KSail embeds Kubernetes tools as Go libraries instead of shelling out to CLI tools, delivering a single binary with no external dependencies, locked tool versions via go.mod, direct API access (no output parsing), no process-spawning overhead, and structured error handling from Go APIs.

Embedded Tools

| Tool | Purpose | |------|---------| | kubectl | Kubernetes API operations | | helm | Chart operations | | kind | Vanilla provisioner | | k3d | K3s provisioner | | vcluster | VCluster provisioner | | flux | Flux GitOps | | argocd | ArgoCD GitOps | | k9s | Terminal UI | | kubeconform | Validation | | kustomize | Rendering |

External Dependencies

Only Docker is required externally (as the container runtime for local clusters). Cloud providers require credentials: HCLOUD_TOKEN for Hetzner, and a service account key (default env: OMNI_SERVICE_ACCOUNT_KEY, configurable via spec.provider.omni.serviceAccountKeyEnvVar) for Omni.

State Persistence

Talos and VCluster can introspect running configuration (Talos via API, VCluster via Kubernetes resources), so KSail needs no local state for them.
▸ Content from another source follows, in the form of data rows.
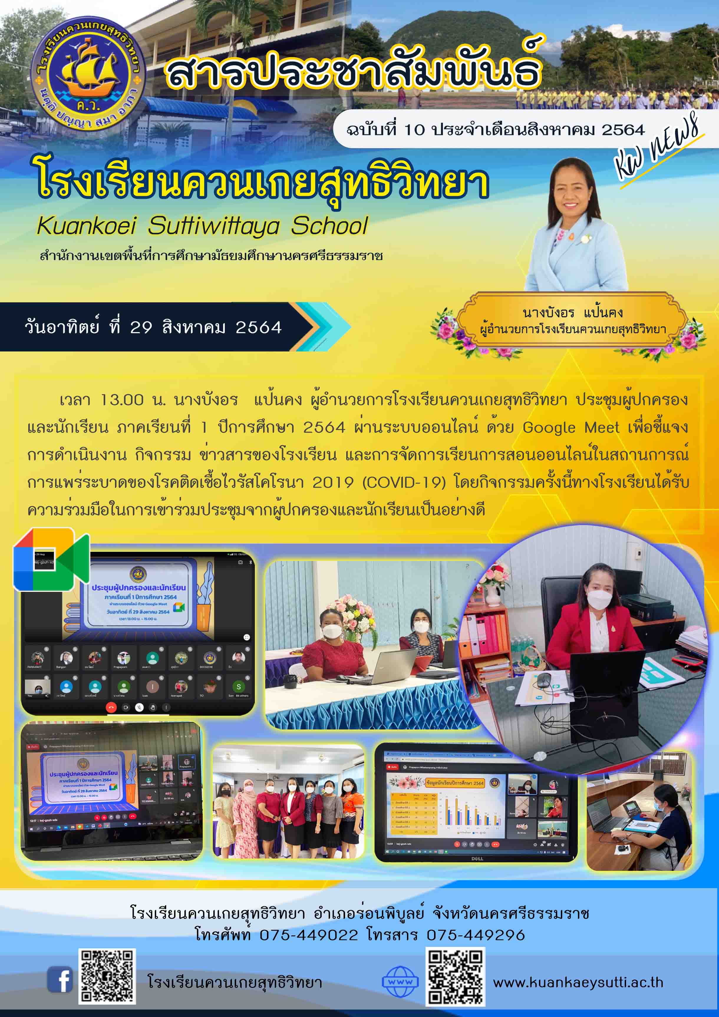 สารประชาสัมพันธ์โรงเรียนควนเกยสุทธิวิทยา ฉบับที่ 10 ประจำเดือนสิงหาคม 2564
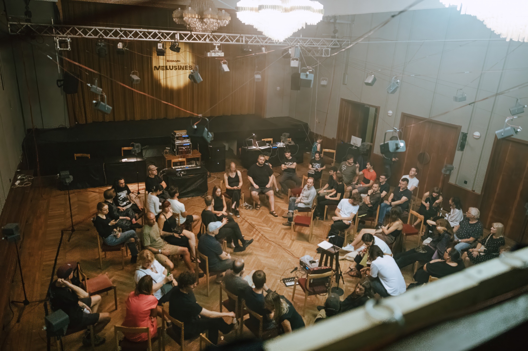 Alongside the residency ran a public symposium with workshops by artists, engineers, and philosophers, bridging practice and reflection. The final concert MELUSINES transformed the National House in Ústí into an immersive listening architecture — a moment where the audience could experience the energy of this collective process. In 2023 the lab hosted contributions from Manu Mitterhuber (OTTOsonics) on immersive system operation, Felix Deufel (ZiMMT) on multichannel recording and spatial performance tools, Enrique Tomás (Tangible Music Lab, Linz) on haptic interfaces, Jiří Suchánek (SVITAVA) on light-controlled sound, and philosophers Martin Nitsche and Vít Pokorný on phenomenology and rhythm.
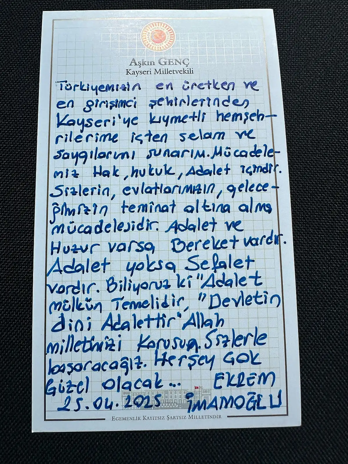 Genç’in yaptığı paylaşımda Ekrem İmamoğlu'nun Kayserililere mesajında şu ifadeler yer aldı: “Türkiye'min en üretken ve en girişimci şehirlerinden Kayseri'ye kıymetli hemşehrilerime içten selam ve saygılarını sunarım. Mücadelemiz hak, hukuk, adalet içindir. Sizlerin, evlatlarımızın, geleceğimizin teminat altına alma mücadelesidir. Adalet ve Huzur varsa bereket vardır. Adalet yoksa sefalet vardır. Biliyoruz ki "Adalet mülkün temelidir, 'Devletin dini adalettir'. Allah milletimizi korusun. Sizlerle başaracağız. Her şey çok güzel olacak. 25.04.2025 Ekrem İmamoğlu.”
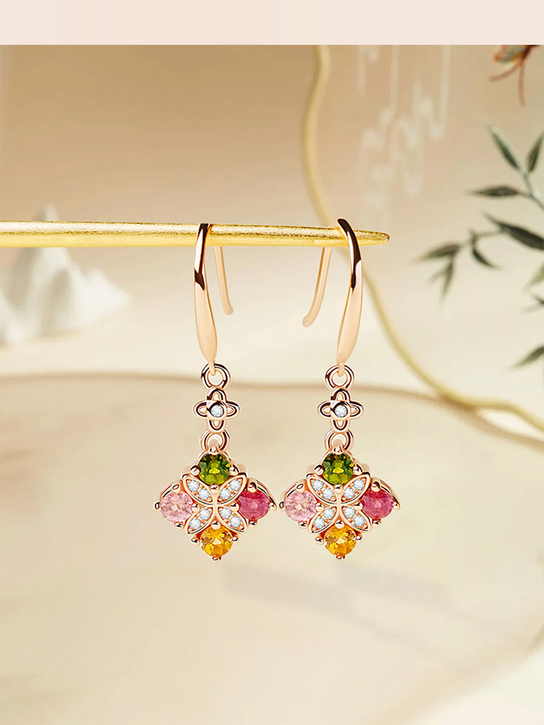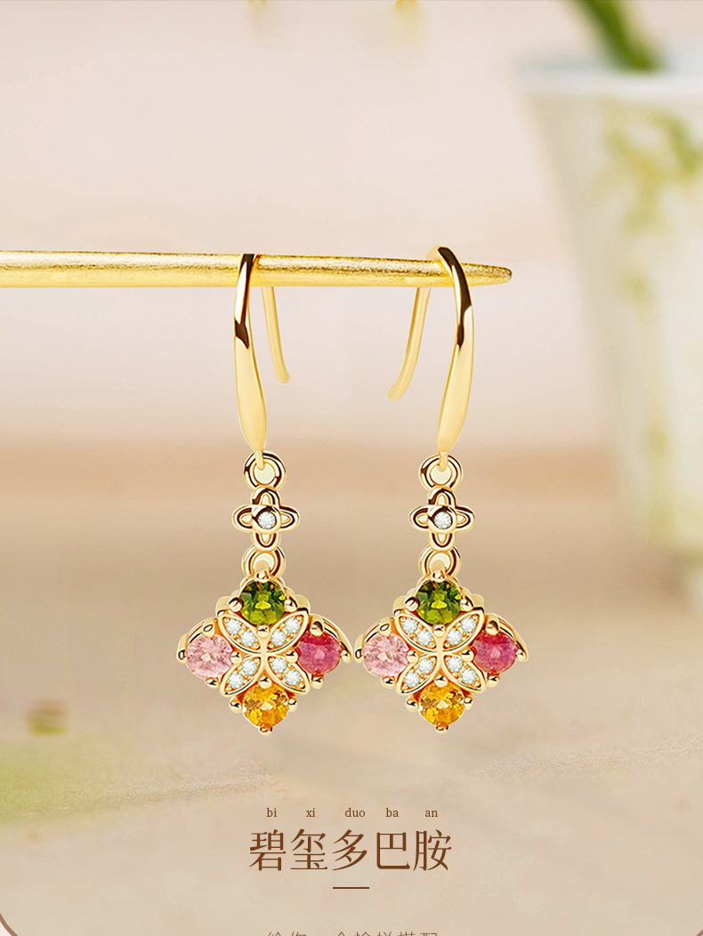 碧璽多巴胺耳釘女925純銀小衆設計感耳環小紅書爆款歐美耳飾
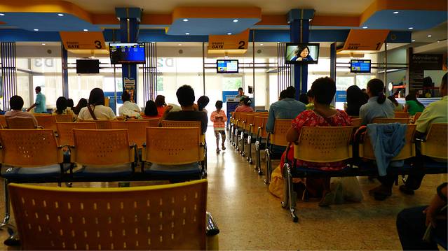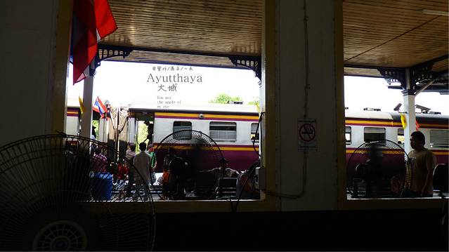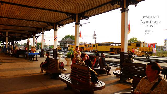 渡过河,穿过小巷,小巷的对面就是大城火车站了,找个有大风扇的位置坐下,买好火车票,然后在他们的员工洗漱室,拉屎,洗漱一番,回到坐位买几瓶饮料坐着等火车,媳妇去问售票员我们的火车还有多久到,他的回答是1个多小时,那好吧,我们就在候车室的椅子上整理下我们的背包 ,
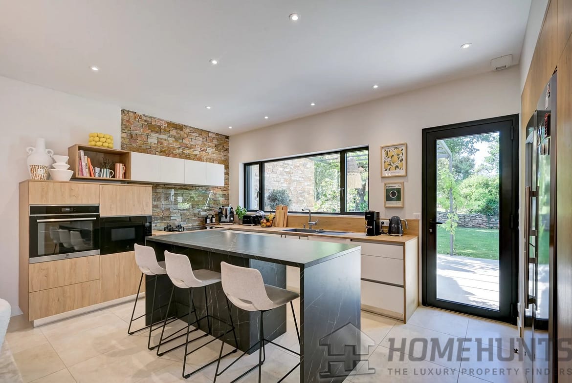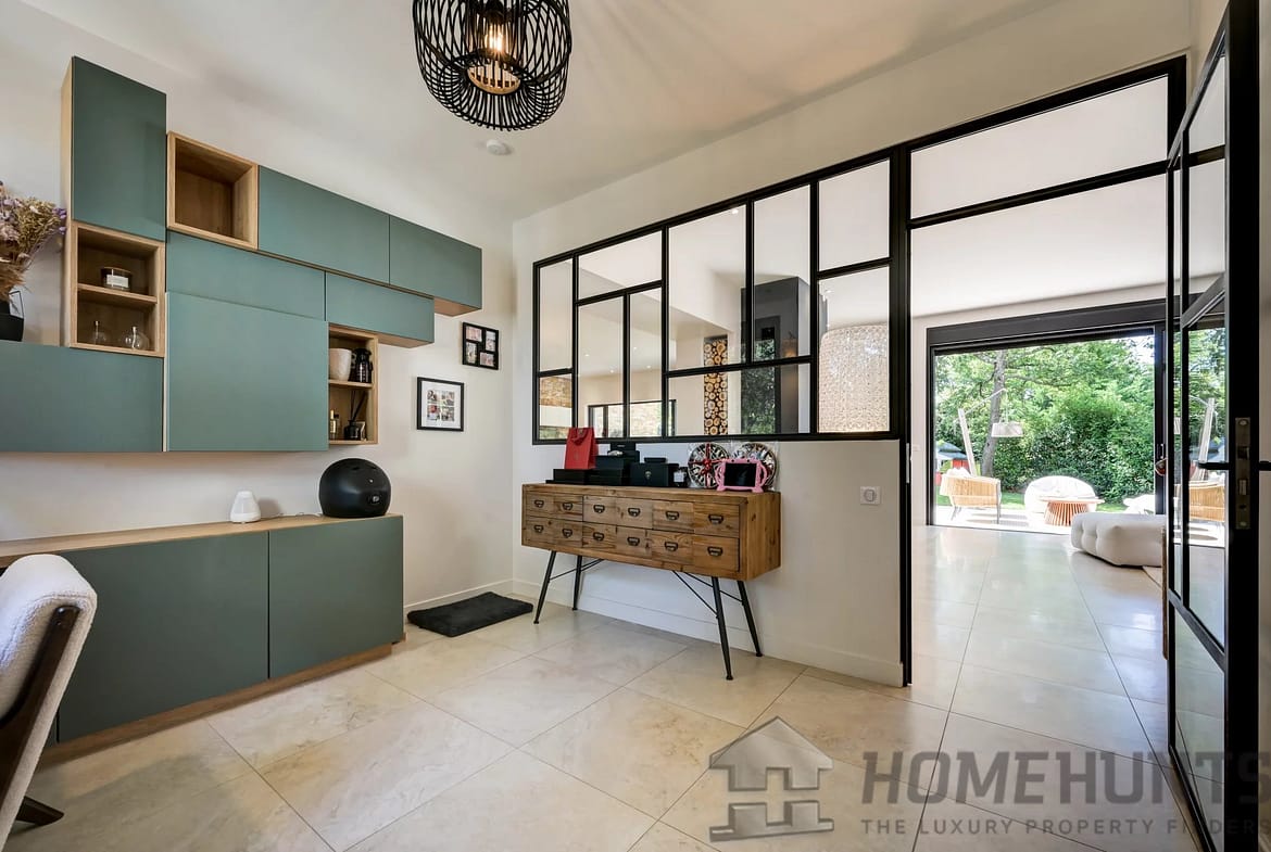The fully equipped open-plan kitchen is harmoniously integrated and includes a convenient home office space — ideal for remote working. On the ground floor, an elegant master suite offers a private bathroom and a large walk-in dressing room.

Vanilla (Kind) and K3s (K3d) don't expose cluster config via API, so KSail persists their ClusterSpecs to ~/.ksail/clusters/<name>/spec.json. This enables ksail cluster update to compare desired vs current state.

AI Integration

KSail provides two AI interfaces built on top of the same CLI tool infrastructure:

ksail chat — interactive AI assistant using GitHub Copilot SDK; supports Agent and Plan modes. See AI Chat.
ksail mcp — Model Context Protocol server for Claude and other AI assistants; tools are auto-generated from the CLI command tree and grouped into read/write pairs. See MCP.